WHAT IS EXPECTED »
Starting at the line with "Круглый фон для" and going on through the line with "超心型指向,收音更趨近自然的原聲,30Hz – 20kHz頻率響應", reproduce each line in the records below exactly and nothing more.

Dataset entries »
###
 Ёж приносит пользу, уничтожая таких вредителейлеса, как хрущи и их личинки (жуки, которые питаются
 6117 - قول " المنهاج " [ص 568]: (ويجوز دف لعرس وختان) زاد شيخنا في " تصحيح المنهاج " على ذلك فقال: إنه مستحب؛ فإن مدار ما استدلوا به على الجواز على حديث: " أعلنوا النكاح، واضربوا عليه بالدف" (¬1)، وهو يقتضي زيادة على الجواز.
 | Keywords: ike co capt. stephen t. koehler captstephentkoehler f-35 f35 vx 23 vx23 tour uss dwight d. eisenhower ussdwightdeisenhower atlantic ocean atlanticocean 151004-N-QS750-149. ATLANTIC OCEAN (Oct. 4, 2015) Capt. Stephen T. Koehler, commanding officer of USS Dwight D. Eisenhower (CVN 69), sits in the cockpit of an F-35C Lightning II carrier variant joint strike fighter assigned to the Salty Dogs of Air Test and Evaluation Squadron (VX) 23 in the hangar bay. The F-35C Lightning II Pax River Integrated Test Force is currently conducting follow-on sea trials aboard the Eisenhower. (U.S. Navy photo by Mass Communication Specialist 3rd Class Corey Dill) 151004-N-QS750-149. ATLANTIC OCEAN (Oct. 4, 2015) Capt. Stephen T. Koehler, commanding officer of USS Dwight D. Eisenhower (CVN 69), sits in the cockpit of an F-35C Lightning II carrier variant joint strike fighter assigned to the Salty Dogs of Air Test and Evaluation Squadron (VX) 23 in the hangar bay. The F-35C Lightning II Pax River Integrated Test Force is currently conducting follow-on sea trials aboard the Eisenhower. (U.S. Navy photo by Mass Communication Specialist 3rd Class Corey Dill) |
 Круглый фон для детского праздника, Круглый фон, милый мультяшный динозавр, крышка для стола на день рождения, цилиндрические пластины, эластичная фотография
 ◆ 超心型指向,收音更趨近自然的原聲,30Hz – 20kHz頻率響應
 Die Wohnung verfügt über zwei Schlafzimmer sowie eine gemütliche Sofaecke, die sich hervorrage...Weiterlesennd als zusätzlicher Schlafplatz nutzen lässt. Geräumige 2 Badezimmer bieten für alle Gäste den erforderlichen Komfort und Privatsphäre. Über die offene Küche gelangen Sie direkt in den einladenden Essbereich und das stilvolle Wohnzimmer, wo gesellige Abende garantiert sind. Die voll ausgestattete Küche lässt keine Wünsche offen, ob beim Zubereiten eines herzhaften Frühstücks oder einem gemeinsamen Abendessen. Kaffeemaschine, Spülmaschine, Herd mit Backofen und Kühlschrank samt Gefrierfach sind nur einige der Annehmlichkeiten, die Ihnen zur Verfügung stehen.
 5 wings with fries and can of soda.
###
ANSWER »
 Круглый фон для детского праздника, Круглый фон, милый мультяшный динозавр, крышка для стола на день рождения, цилиндрические пластины, эластичная фотография
 ◆ 超心型指向,收音更趨近自然的原聲,30Hz – 20kHz頻率響應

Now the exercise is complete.